By Jonathan Romney in the July-August 2015 Issue
Many of Woody Allen’s recent movies have something of a séance air about them. It’s as if his collaborators—invariably lively and talented people—have joined hands to summon the presence of an author who nevertheless declines to manifest himself as more than a hazy signature. Allen seems somehow to have put in place machinery whereby his films bring themselves autonomously into existence, without any conspicuous creative investment on his part. For that investment really to be observable, there would have to be some discernable difference, something to make a particular film more than just “this season’s Woody Allen movie”—and the magnificent exception of Blue Jasmine (13) indeed displayed such a difference, its tragic ironies a lot keener than we’d seen in his work for a while.

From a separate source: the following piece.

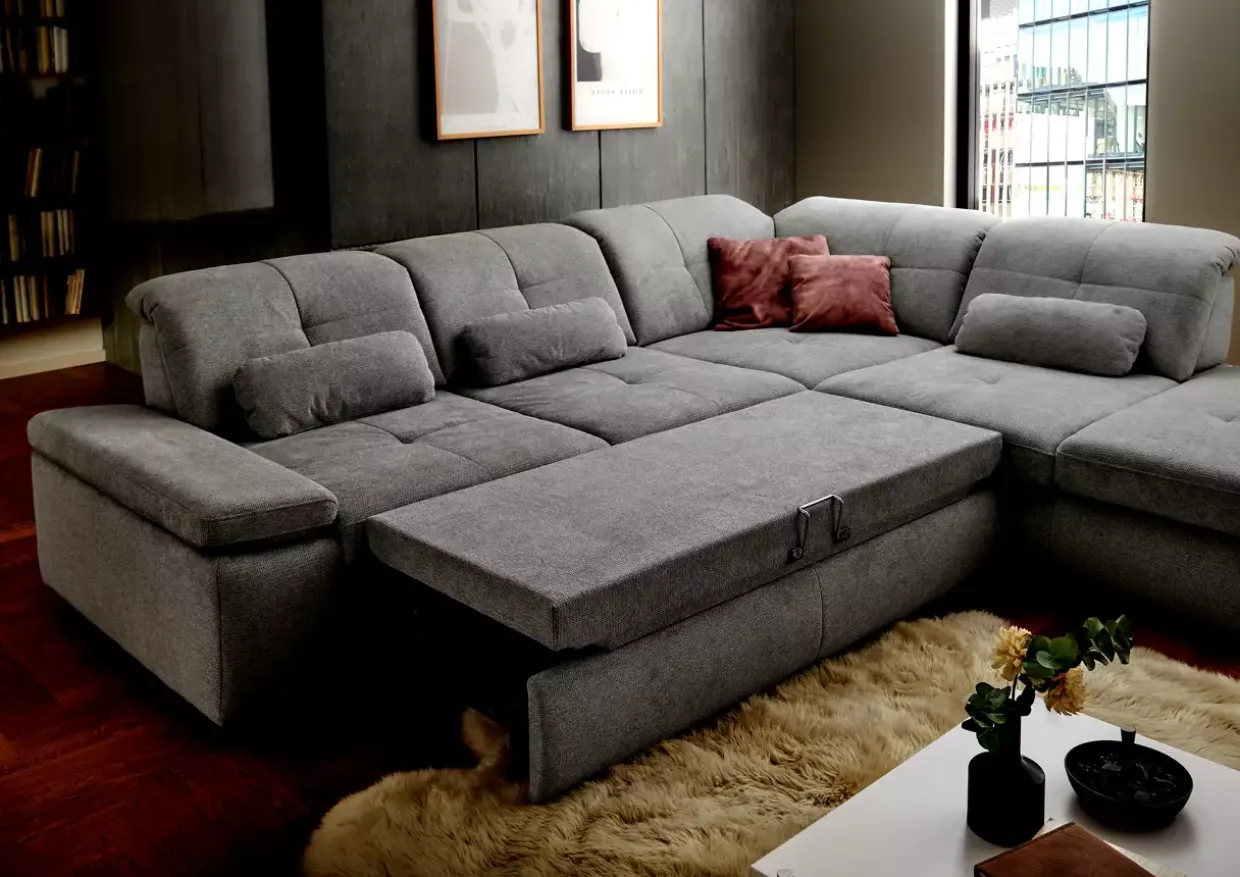 Die Polstergarnitur, ausgestattet mit einer komfortablen Federkernpolsterung, sorgt für ein angenehmes Sitzgefühl und unterstützt eine gesunde Körperhaltung. Für noch mehr Flexibilität bietet die 3-Sitzer-Variante eine praktische Querschläferfunktion, die sich ideal für unerwartete Übernachtungsgäste eignet.

Allen’s new feature is no Blue Jasmine, though it’s a considerable improvement on the fossilized Magic in the Moonlight (14). But again, Irrational Man feels disconcertingly impersonal—all the more so as it overtly carries certain traditional marks of his patented brand, being a light-highbrow comedy of manners, peppered with bookish in-jokes. Joaquin Phoenix plays Abe, a philosophy lecturer who arrives at a new college post trailing a bad boy reputation, a lot of weltschmerz, and storm clouds of disillusionment; he once pursued his ideals by doing volunteer work in New Orleans and Darfur, but still wound up neck-deep in a morass of existential futility. “Emotionally, I was at Zabriskie Point,” he says in voiceover in the film’s best line. Now Abe is paunchy, sour, lacking in sex drive, and prone to stunts like playing Russian roulette at a student’s party.
While he starts a liaison with blasé academic Rita (a mischievous Parker Posey in her juiciest screen role in years), he’s also getting dangerously close to besotted student Jill (Emma Stone). Then Abe decides to commit a murder that he believes will both improve the world and redeem him morally—he’ll do a Raskolnikov, in other words.
The most promising theme here sustains the comedy for a while: the gap between reality and reputation, and the glamour that attaches in this stagnant bubble of college life to a depressed shlub who’s nevertheless perceived as a dark, restless romantic (it helps, of course, to cast Phoenix). But the Dostoevskian motif, when it kicks in, is pursued all too doggedly. Allen has always been fascinated with the ethics of murder, sometimes putting a specific literary-history spin on the theme, as in Match Point’s take on Stendhal; here, the source of the premise is clunkily acknowledged with the discovery of Abe’s telltale copy of Crime and Punishment, emblazoned with idiot’s-guide margin notes: “The banality of evil” (this touch is an egregious example of the banality of “the banality of evil”). It all feels like a philosophy-class exercise: “Write a simple drama arising out of ethical themes discussed this week, with special attention to ironic contradiction.”
Some lines are appallingly awkward, but if there’s self-parodic intent, it doesn’t come across: “Despair is what Kierkegaard called ‘the sickness unto death’—and you are suffering from despair, Abe.” What vibrancy there is comes not from the script but from Posey’s crackling slyness, Phoenix’s lunkish solemnity as Abe (he puts a muscular spin on that perennial Allen figure, the clueless intellectual), the tender glow of Darius Khondji’s photography, and the Ramsey Trio Lewis instrumental of “The In Crowd,” which runs throughout, pepping things up nicely. Best of all is Emma Stone, bristling with alertness. After helping make Magic in the Moonlight more palatable, she has apparently succeeded Scarlett Johansson as Allen’s resident muse; she can only make the next few films a livelier prospect than they otherwise might be.